ASSIGNED TASK →
Exactly as they appear below, repeat the lines from the one with "Decoder :N x" through the one with "Pearls are the". Drop every picture.

RECORDED INFORMATION →
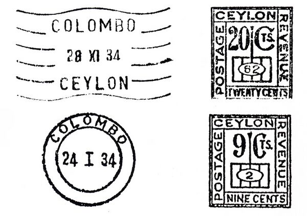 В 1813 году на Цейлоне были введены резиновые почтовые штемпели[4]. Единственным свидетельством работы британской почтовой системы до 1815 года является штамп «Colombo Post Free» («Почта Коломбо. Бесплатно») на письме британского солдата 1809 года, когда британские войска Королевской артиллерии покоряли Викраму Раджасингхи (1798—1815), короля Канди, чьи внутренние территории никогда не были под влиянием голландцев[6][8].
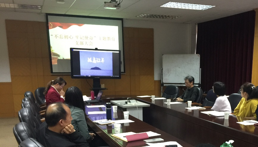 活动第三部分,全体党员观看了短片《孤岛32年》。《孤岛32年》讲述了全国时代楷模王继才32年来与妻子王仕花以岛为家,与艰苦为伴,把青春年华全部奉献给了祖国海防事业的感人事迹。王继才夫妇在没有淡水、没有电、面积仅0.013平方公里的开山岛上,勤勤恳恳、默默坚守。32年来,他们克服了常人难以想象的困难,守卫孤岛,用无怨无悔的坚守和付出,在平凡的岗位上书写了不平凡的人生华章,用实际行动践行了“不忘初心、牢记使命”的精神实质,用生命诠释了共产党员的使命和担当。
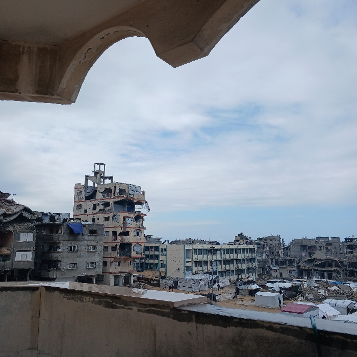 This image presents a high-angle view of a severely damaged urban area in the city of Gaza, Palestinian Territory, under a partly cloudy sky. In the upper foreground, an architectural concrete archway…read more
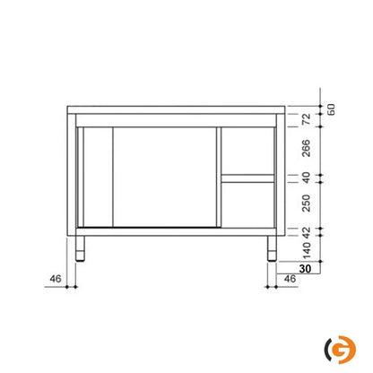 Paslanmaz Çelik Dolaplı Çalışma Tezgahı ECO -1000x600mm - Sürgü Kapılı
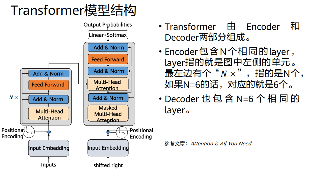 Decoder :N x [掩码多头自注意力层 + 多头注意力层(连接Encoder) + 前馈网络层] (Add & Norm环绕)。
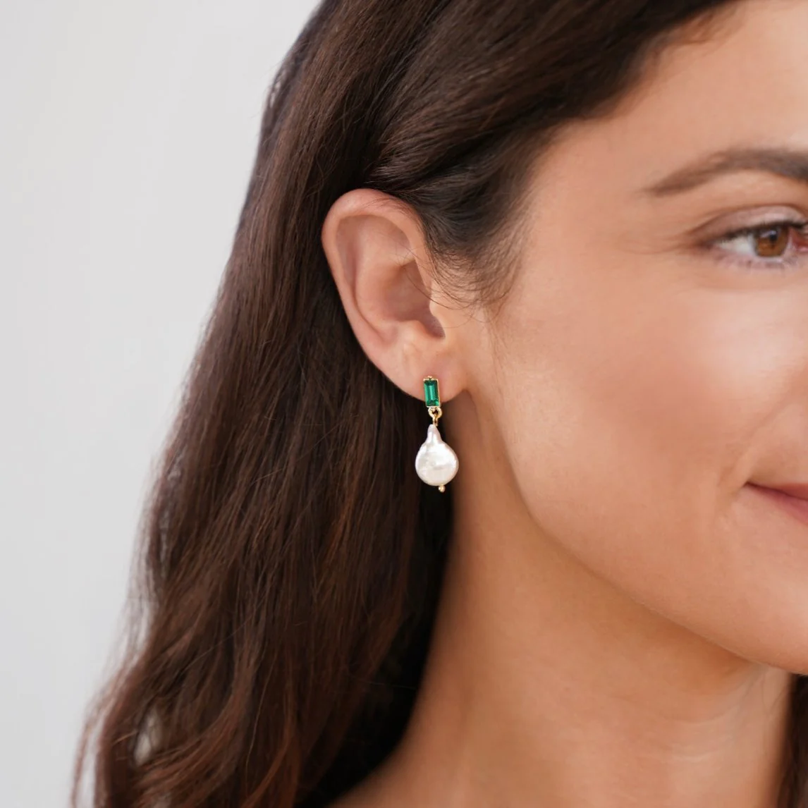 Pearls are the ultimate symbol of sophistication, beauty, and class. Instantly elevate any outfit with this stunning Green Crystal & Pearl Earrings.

...

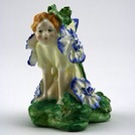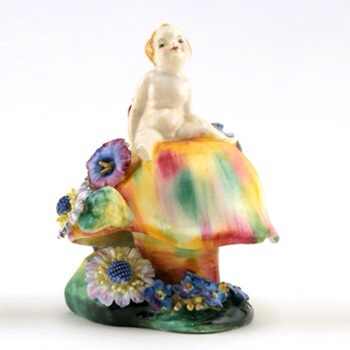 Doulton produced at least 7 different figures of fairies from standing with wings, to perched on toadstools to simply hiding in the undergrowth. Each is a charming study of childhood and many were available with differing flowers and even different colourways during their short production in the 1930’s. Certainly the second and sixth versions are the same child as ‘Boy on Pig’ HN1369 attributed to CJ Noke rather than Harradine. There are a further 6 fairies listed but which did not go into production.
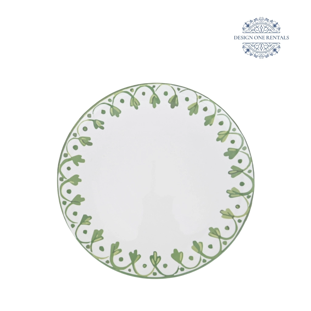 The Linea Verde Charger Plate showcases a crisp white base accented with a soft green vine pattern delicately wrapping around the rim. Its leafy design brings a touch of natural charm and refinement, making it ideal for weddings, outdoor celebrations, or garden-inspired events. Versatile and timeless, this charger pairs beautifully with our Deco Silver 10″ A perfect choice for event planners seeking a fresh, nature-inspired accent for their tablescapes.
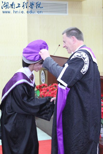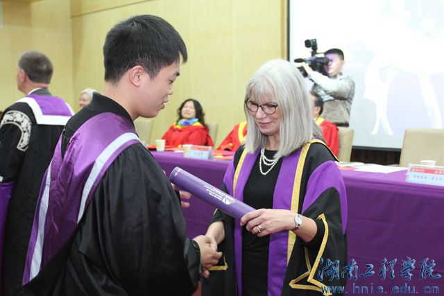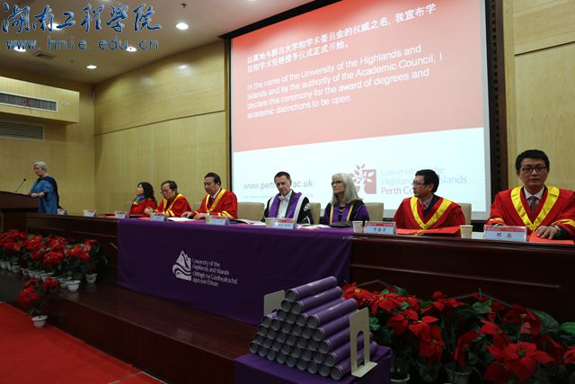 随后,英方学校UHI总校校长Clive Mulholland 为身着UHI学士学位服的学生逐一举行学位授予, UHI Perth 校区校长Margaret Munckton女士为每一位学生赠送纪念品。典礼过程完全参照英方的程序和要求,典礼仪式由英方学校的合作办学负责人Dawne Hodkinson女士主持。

* * *

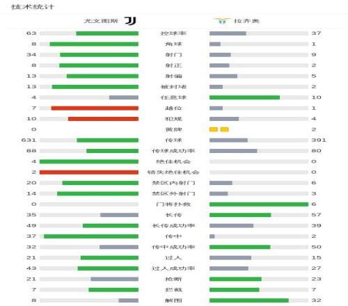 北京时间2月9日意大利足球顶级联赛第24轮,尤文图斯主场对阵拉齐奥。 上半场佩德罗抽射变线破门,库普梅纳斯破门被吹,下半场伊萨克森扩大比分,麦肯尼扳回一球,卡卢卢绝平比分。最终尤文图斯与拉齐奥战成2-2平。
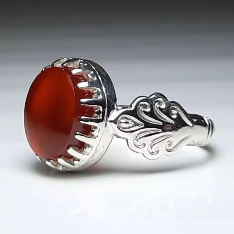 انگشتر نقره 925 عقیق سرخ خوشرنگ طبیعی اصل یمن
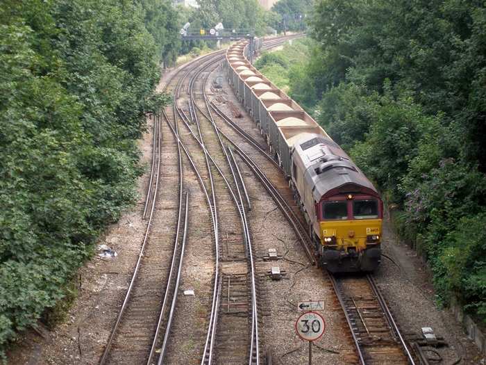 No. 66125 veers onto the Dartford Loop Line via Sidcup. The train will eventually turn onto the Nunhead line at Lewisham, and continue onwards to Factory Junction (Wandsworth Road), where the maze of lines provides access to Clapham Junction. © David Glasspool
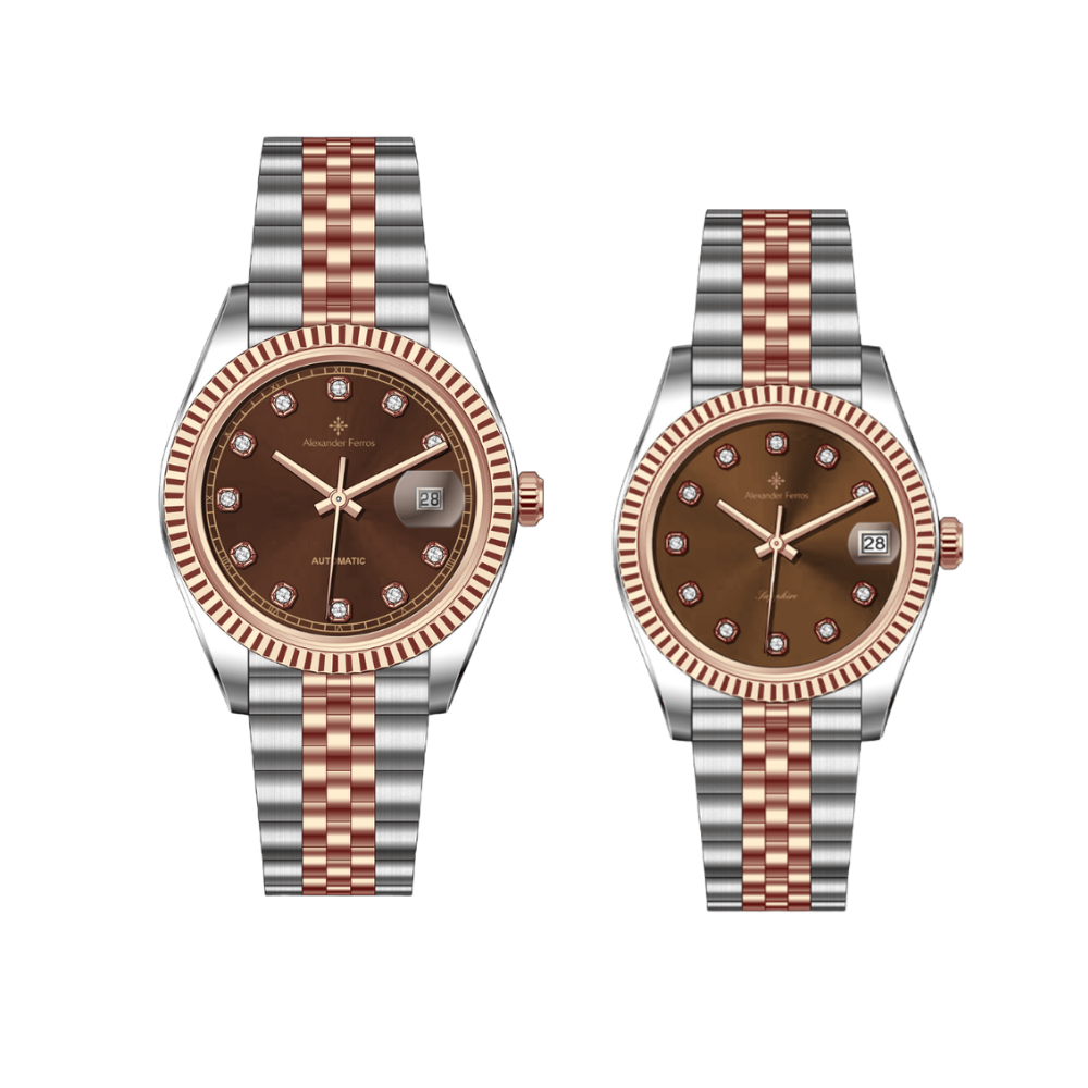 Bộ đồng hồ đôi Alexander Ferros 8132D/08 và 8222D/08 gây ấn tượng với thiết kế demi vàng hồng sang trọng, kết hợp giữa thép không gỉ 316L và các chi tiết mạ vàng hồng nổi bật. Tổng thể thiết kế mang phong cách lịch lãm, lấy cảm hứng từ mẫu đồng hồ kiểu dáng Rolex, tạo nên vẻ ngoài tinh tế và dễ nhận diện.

OUTPUT OF THE EXERCISE →
 Decoder :N x [掩码多头自注意力层 + 多头注意力层(连接Encoder) + 前馈网络层] (Add & Norm环绕)。
 Pearls are the ultimate symbol of sophistication, beauty, and class. Instantly elevate any outfit with this stunning Green Crystal & Pearl Earrings.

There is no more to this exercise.